January 8, 2002
Bonjour, my little cabbages! Just in time for a brand-new season of "The Real World," I bring you the summation of that lengthy psychological torture session known as "Back to New York." It will probably come as no surprise that the overall tone of your answers was one of disgust, disdain and profound ennui. Bunim/Murray had better hope to high heaven that the multi-person shower livens up the Chicago cast!
So, Season X was a bore, but that doesn't mean that I won't analyze every last little detail if that's what will make my little sweethearts happy. First, some basic facts. This year's survey received 72 responses, half girls and half boys. Respondents ranged in age from 16 to 43, which is a narrower range than in past years. Still, how many activities do teens and fortysomethings usually share? Glue-sniffing? Moping about their looks? The average age of respondents was a mature, reasonable 27, much too mature and reasonable to spend months in the company of Coral and Company!
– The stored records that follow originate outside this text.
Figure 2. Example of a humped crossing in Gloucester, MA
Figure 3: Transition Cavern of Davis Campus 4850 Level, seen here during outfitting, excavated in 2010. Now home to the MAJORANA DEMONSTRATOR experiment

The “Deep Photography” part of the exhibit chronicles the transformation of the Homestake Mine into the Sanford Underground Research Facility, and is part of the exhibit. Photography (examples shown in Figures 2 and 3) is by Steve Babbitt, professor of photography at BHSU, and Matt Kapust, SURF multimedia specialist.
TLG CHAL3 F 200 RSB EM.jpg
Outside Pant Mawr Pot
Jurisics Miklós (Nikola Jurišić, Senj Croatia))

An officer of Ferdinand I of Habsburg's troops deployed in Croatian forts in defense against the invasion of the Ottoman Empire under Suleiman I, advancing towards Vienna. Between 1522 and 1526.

The highest percentage of respondents watched TRW every week (39%), but large blocks of the viewing audience were more casual watchers. Thirty percent of you categorized yourselves as watching "most of the time," and a quarter of you confessed that you only gazed upon the lovely face of Nicole occasionally. Six percent of you never watch the show, which raises a few questions, darlings. Besides TRW, over half (54%) of you watch those Road Rules hijinks, and 40% of you watch "Survivor." Over a third (35%) of you listed "other" reality television programs as your personal vice. I listed the category as "other," because actually having to admit to watching "Love Cruise" would be just too embarrassing!
Now, in past years, the majority of voters usually admit that they would love to be a Real World cast member. The cushy house, the drama, the attention- what's not to like? Well, after this onerous season, you all faced the cold, hard truth: boring roommates, a meaningless job, puke stains on the stairs. Over half (53%) of respondents would flee any opportunity to be shacked up with six strangers. Of course, the results change with gender. A majority of guys (56%) would actually brave the elements and take their time in front of the cameras. Only 39% of the girls would do the same.
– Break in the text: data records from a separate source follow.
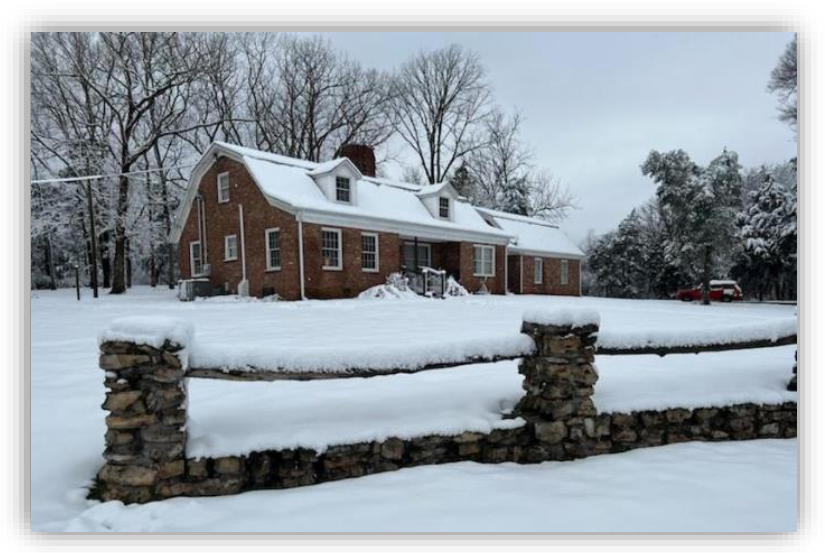
9906 Memorial Pkwy, NW, Huntsville, AL 35810
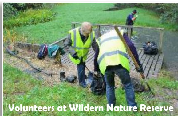
Volunteers at Wildern Nature Reserve

If you would like to become a Conservation Volunteer and could spare a couple of hours a month, please call: 01489 780440 or email: reception@hedgeend-tc.gov.uk
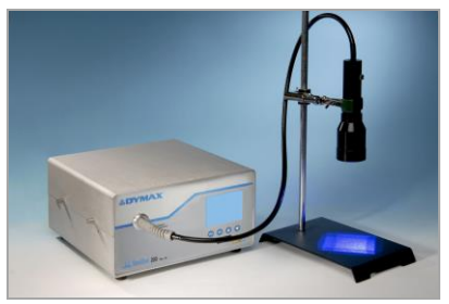
Rod Lenses Shown: BlueWave 200 with 8 mm rod lens (rod lenses require an 8 mm lightguide) 2" x 2" Area (~100 mW/cm²) PN 38699 5" x 5" Area (~30 mW/cm²) PN 38698
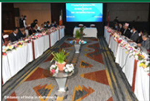
NEWS INDIA AND NEPAL DISCUSS ENERGY SECTOR COOPERATION
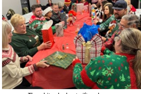
The white elephant gift exchange.
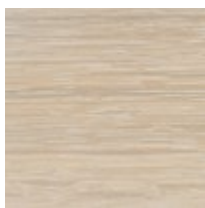
Sun Drenched Oak
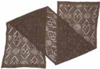
#2102 Qiviut Scarf ..... $300

Qiviut Care Unlike most wools, qiviut is not scratchy and will not shrink in any temperature of water. Hand wash in any mild detergent and dry flat for years of use and enjoyment.
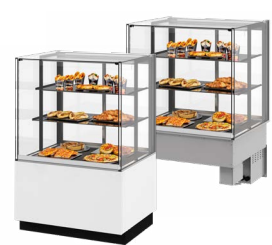
Models on underframe or drop-in version
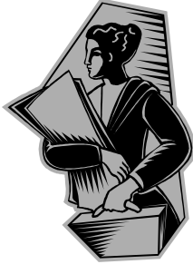
Newspaper thief? Not one of ours.

Apparently, newspaper distribution is more difficult than we thought. A certain newspaper which shall go nameless (but whose initials are Kinetoscope) has criticized our distribution methods and locations, but we have continued to get our message (should we ever find one) out to the public. Perhaps it was a garbage can, but it served.
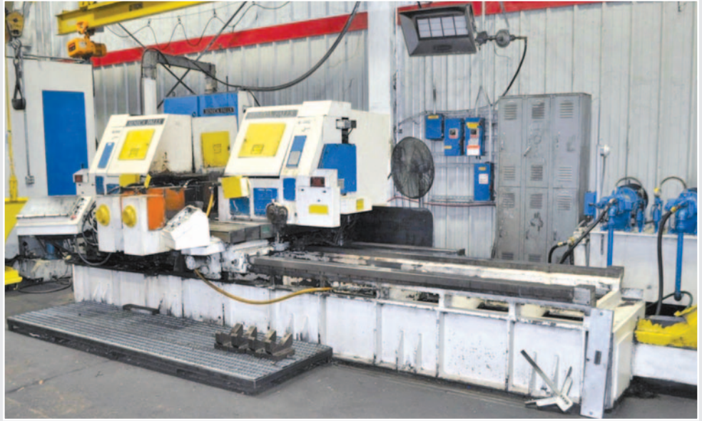
• Seneca Falls MC 150 Facing/Centering Machine, 0.75"-12" OD cap., 40" swing, 120" ctrs, (2) 20 hp mtrs, 294-1256 rpm drill, 78-333 rpm mill, dual oper. cntrls, coolant
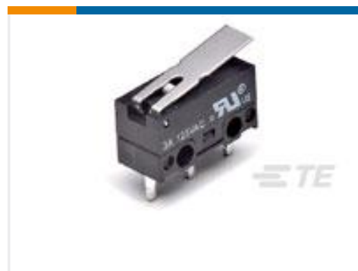
TE Part #1-1825043-6 UP3DTANLB04,MICROSWITCH,SNAP
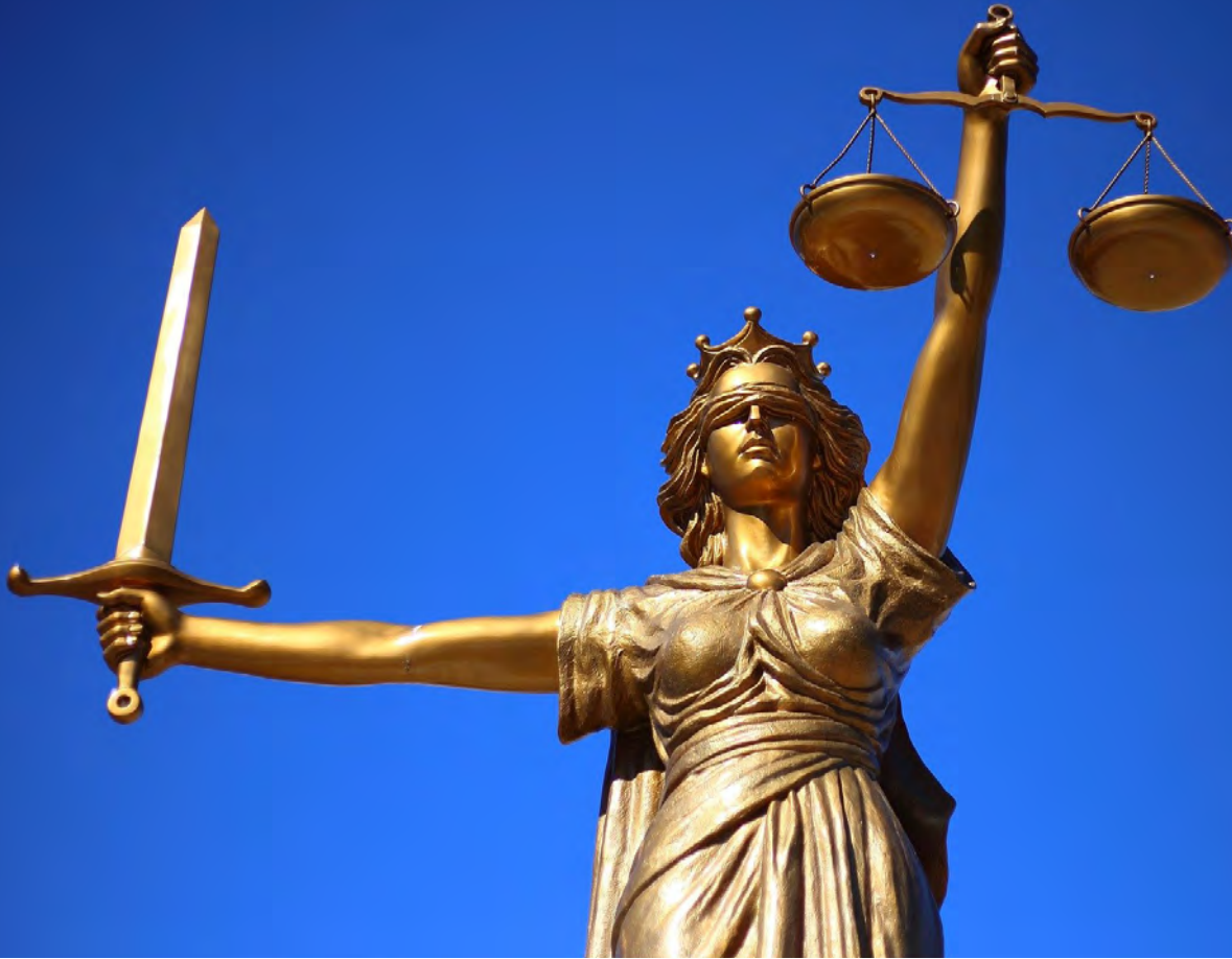
Illustration image [3]
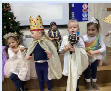
Hedgehogs' Christmas performance
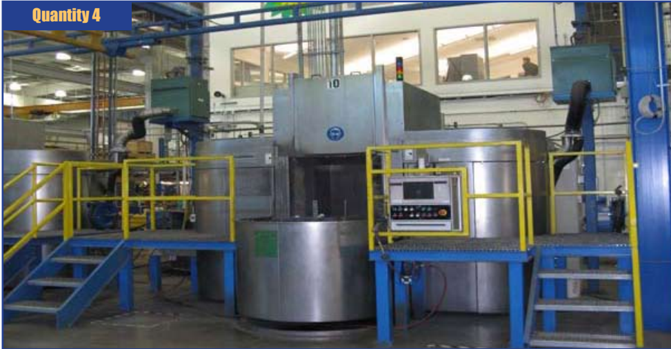
Meyer Burger BS800 Band Saw #2: Sizing/ Blocking Saw w/ Siemens Simatic OP 27 Controller

After a few seasons of increase, the viewing audience for TRW is down slightly. According to these results, Hawaii and New Orleans remain the most-watched seasons of "The Real World." "Back to New York," while still commanding higher numbers than, say, London or Los Angeles, just doesn't make the cut. Will Season XI-Chicago continue the slide? If your comments about the Miami shower scene and the rumors of group showers in Chicago are any indication, I think not.
Even though I clearly remember many complaints about the annoying New Orleans cast, Season IX still ranks number one in people's hearts and minds. The order hasn't changed much over the past year, either, since San Francisco and Hawaii are still runners-up. A third of you have seen all ten seasons- that's a decade of whining histrionics, my friends- and those seasoned viewers have declared the New Orleans season the pinnacle of Bunim-Murray's achievement.
Ah, pauvre "Real World-London." It used to be distinguished by its utter horribleness. It was the worst, the pit, the nadir, despite the herculean efforts of googly-eyed Lars. Now, Season IV is only second-worst, de-throned by "Back to New York," the new least-favorite Real World season.
After reading your results, I've decided that everyone has their own quirky reasons for liking somebody, but an unlikable person is unlikable all around. The results for "Favorite Real World Cast Members of All Time" feature some different names than previous years; is there a particular reason for the Norman renaissance? What in heaven's name is Puck doing on this list? As you can see, respondents suggested a wide range of folks as their favorites, including "None."
Favorite Real World Cast Members of All Time
The Hall of Shame rarely changes, however. One of the few changes that occurred from last year is that David from New Orleans has gone from being high on the hate-list to being "David who?" Instead, the ickiest of the icky is our very own Nicole. Let's hope we can forget her as easily!
Least Favorite Real World Cast Members of All Time
Everyone used to be so fond of the Big Apple as a location, but Season X made us all wish for balmier shores. Hawaii ranks as the favorite Real World location this year, closely followed by New Orleans and New York. It's just too bad this next season's locale is another gritty, urban milieu. What I wouldn't give right now for some mindless pleasure beneath the palm trees!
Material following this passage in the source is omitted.